1

I have a dataframe like this:

df <- data.frame(a=c(111,111,111,222,222,222,333,333,333),
                 b=c(1,0,1,1,1,1,0,0,1))
df
    a b
1 111 1
2 111 0
3 111 1
4 222 1
5 222 1
6 222 1
7 333 0
8 333 0
9 333 1

I need to get the sum of column 'b' for each 'a':

    A B
1 111 2
2 222 3
3 333 1

How can I do that in the fastest way?

Uwe
  • 41,420
  • 11
  • 90
  • 134
Vitaliy Poletaev
  • 113
  • 1
  • 1
  • 8

4 Answers4

5
 aggregate(df$b, by=list(df$a), FUN=sum)
G5W
  • 36,531
  • 10
  • 47
  • 80
4

Generally speaking, the fastest method with large data will be to use data.table.

install.packages("data.table", type = "source",
repos = "http://Rdatatable.github.io/data.table")
library("data.table")

df <- data.frame(a=c(111,111,111,222,222,222,333,333,333),
             b=c(1,0,1,1,1,1,0,0,1))
df <- as.data.table(df)
df[, sum(b), by = a]
Andrew J. Rech
  • 456
  • 4
  • 11
  • 1
    Your last line of code doesn't yield the output the OP described.

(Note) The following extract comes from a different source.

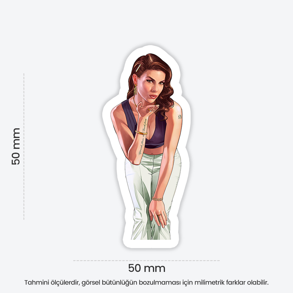 Grand Theft Auto V Brunette Girl Sticker temalı bu eğlenceli sticker, defter, laptop, tablet ve telefon yüzeylerine kolayca yapışır. Suya ve güneşe dayanıklı, çıkartıldığında iz bırakmaz. Ensticker kalitesiyle, dekoratif ve kaliteli sticker arayanlar için ideal seçim.

This comes pretty close: `df[, sum(b), by=a]` – bdemarest Dec 17 '16 at 00:13
1

You can use dplyr:

df %>% group_by(a) %>% summarise(.,b = sum(b))
PhilC
  • 767
  • 3
  • 8
-1

If we are using package dplyr, do we really need the code like so (as mentioned by the other PhilC):

df %>% group_by(a) %>% summarise(.,b = sum(b))?

Would this not do?

df %>% group_by(a) %>% summarise(b = sum(b))?